Lei Zhang1, Guoyu Qiu2, Xiaohui Xu2, Yufeng Zhou3, Ruiming Chang4
1 Department of Biliary- Surgery, Guangdong Provincial Key Laboratory of Malignant Tumor Epigenetics and Gene Regulation, Sun Yat-Sen Memorial Hospital, Sun Yat-Sen University, Guangzhou, Guangdong, China
2 Department of Traditional Chinese Medicine and Chemical Drug, Lanzhou Institutes for Food and Drug Control, Lanzhou, Gansu, China
3 Laboratory Animal Center, Sun Yat-Sen University, Guangzhou, Guangdong, China
4 Boji Medical Center, Sun Yat-Sen Memorial Hospital, Sun Yat-Sen University, Guangzhou, Guangdong, China
|Date of Web Publication||28-Dec-2018|
Dr. Ruiming Chang
Boji Medical Center, Sun Yat-Sen Memorial Hospital, Sun Yat-Sen University, 107 Yan Jiang West Road, Guangzhou 510120, Guangdong
Source of Support: None, Conflict of Interest: None
Hepatocellular carcinoma (HCC) mostly develops in patients with chronic liver disease, driven by a vicious cycle of liver injury, inflammation, and regeneration. Increasing evidence points to the influence of bacterial gut microbiota influence on chronic liver disease and the development of HCC. We will review how bacterial gut microbiota contributes to HCC and relevant therapeutic strategies, focusing on alterations of the bacterial gut microbiota at different disease stages and mechanisms by which it contributes to disease progression and HCC development in different types of liver diseases.

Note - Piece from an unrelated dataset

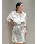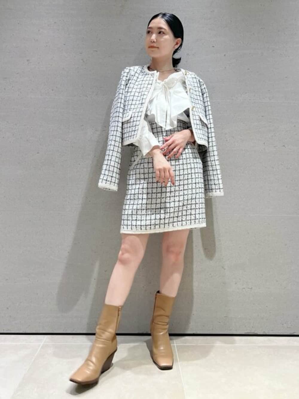 身長:150cm/ 骨格タイプ:ストレート / パーソナルカラー:イエベ秋 【プラスワンでトレンドスタイルが叶うツイードジャケット】 着用サイズ:F トレンドのツイードジャケットをコンパクトなショート丈で女性らしく仕上げました。 厚手のニットも着こめるよう身幅をやや大きめに設定しつつ、着ぶくれしないようパターンを工夫しました。 【プラスワンでトレンドスタイルが叶うツイードスカート】 着用サイズ:0 デザイン性のあるブレードのトリミングで今年らしく仕上げたツイードスカート。 スタイルアップを意識した着丈とシルエットにこだわり、大人が似合うミニスカートを実現。 【今年らしいフリルカラーが目を引くエレガントなブラウス】 着用サイズ:F 優雅に波打つ大きめのフリルが印象的な、フェミニンムード溢れるブラウス。 1枚ではもちろん、フロントを開ければ羽織としても着られ、幅広いスタイリングに活躍してくれます。 【今年らしいモード感を演出するスクエアトゥのショートブーツ】 着用サイズ:M スクエアトゥのエッジの効いたフォルムが印象的なショートブーツ。 ライニングには肌触りの良い柔らかな合皮と、厚地のクッションを採用し足への負担を軽減しています。
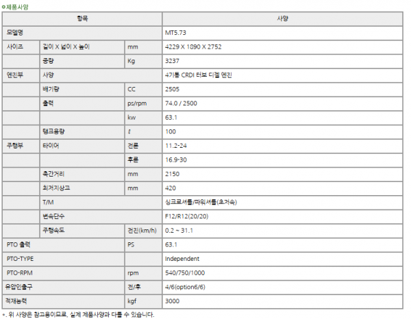 | 제조사 | LS | 모델명 | MT5.73 | 규격 | 70-79hp |

Keywords: Bacteria gut microbiota, liver diseases, mechanisms
|How to cite this article:|
Zhang L, Qiu G, Xu X, Zhou Y, Chang R. Novel insights into the role of bacterial gut microbiota in hepatocellular carcinoma. Cancer Transl Med 2018;4:163-6
|How to cite this URL:|
Zhang L, Qiu G, Xu X, Zhou Y, Chang R. Novel insights into the role of bacterial gut microbiota in hepatocellular carcinoma. Cancer Transl Med [serial online] 2018 [cited 2019 Aug 19];4:163-6. Available from: http://www.cancertm.com/text.asp?2018/4/6/163/248974
| Introduction|| |
Hepatocellular carcinoma (HCC) is the most common primary carcinoma of the liver. Most cases arise in chronically inflamed and subsequently cirrhotic livers. Drug abuse, alcohol abuse, autoimmunity, or infections are major risk factors., Large bodies of evidence have shown the influence of the gut microbiota on human health. Although it benefits the host in metabolism and immunity,, it is also increasingly recognized in disease processes. As bacteria are most dominant in the gut, we will focus on the bacterial gut microbiota. It takes part in disease development not only via local effects but also at distant sites, such as the liver, along the gut-microbiota-liver axis.,,, Owing to its anatomical connection, not only does the liver absorb nutrient substance, but it is also the first target of the bacterial gut microbiota. The intestinal mucosal barrier ensures that exposure is minimal; however, failing barrier contributes to the progression of liver diseases and thereby increases the risk of the development of HCC as the end stage of the chronic liver disease process., Here, we will concentrate on how bacterial gut microbiota contributes to liver disease progression at various stages and promote HCC in all processes and therapeutic strategies to interrupt this disease-promoting pathway.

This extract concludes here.